If you know the distribution of random numbers, for instance if you know that the numbers come randomly from an interval (0,L) of real numbers, then your probability of winning is

2/3, or about 66% of the trials, of you use the same random to base the decision, and

3/4, so **75%** of the trials, if you use the median of the distribution

To see the first, pick a third random number from the same distribution.

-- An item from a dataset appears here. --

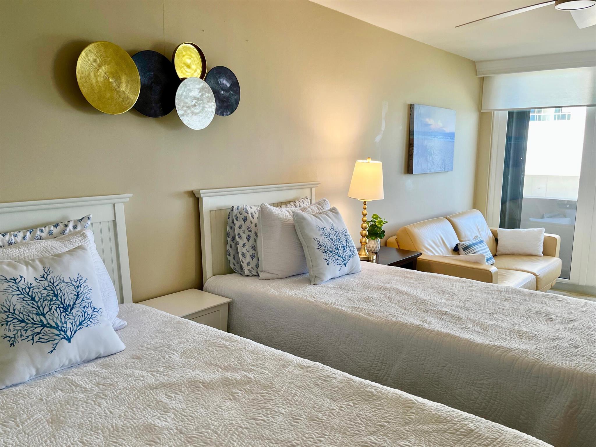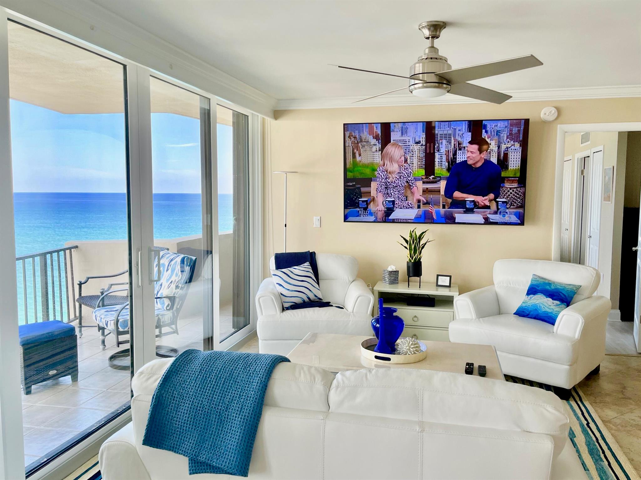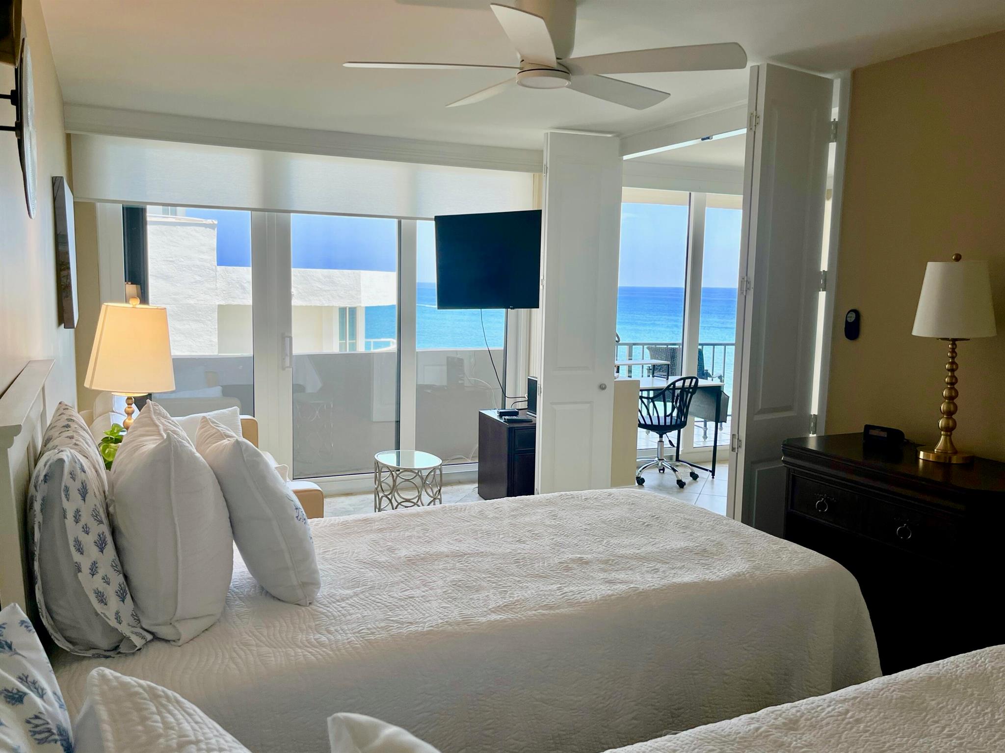 OCEANFRONT ''A'' TOWER - every room has an ocean/Intracoastal view! TOTAL remodel w smooth ceilings, IMPACT glass, decorator shades, recessed lighting, fans w remotes. New wood look flooring in bedrooms. Kitchen + bathrooms updated w granite, new mirrors & crown molding. King Bed in primary suite & 2 twin beds in guest BR + Queen Sleeper Sofa. BOSCH A/C & washer/dryer in the interior laundry room. Enjoy ocean beachfront living at its best! Heated pool on elevated deck between Towers, fitness, tennis courts + private walkover to ocean. Assigned parking #60 close to entry door. Electric to be subtracted from security deposit. Includes Beach Chair Club Service (2 chairs + 1 table). Non-Smoking Condo, no pets allowed. RENTED JAN-MAR 2026

Then the probability of this number to be between the other two is 1/3, as you can check from the six equally possible permutations, and in this case the strategy always selects the right answer. If the number is greater and smaller that both boxes, you have still 1/2 probability of random guess, to total prob is 1/3 + 2/3 * 1/2 = 2/3

To check this, you can try the following Python program:

```
from random import random
trials, winrandom, winmethod=0,0.0,0.0
while trials < 10000:
abox=random()
bbox=random()
print abox,bbox
trials +=1
choose = "a" if random() < 0.5 else "b"
if choose=="a" and abox > bbox: winrandom +=1
if choose=="b" and bbox > abox: winrandom +=1
decide = "a" if random() < abox else "b"
if decide=="a" and abox > bbox: winmethod +=1
if decide=="b" and bbox > abox: winmethod +=1
print trials, winrandom/trials, winmethod / trials
```

Generically, if you use a different distribution of probability, your total prob is still given by the formula offered in the other solutions, $ p+ {1\over 2} (1-p)$, or $${1\over 2} + {1\over 2} p $$

with $p$ the probability of the random number to be between the two boxes. Note that some formulae combine this $p$ with the one of the first box being smaller that the second, to hide the 1/2 factor.

A distribución concentrated on the median of the original one is a better strategy, because the prob of the median to be between both numbers is 0.5, and so the winning prob raises up to the 75%.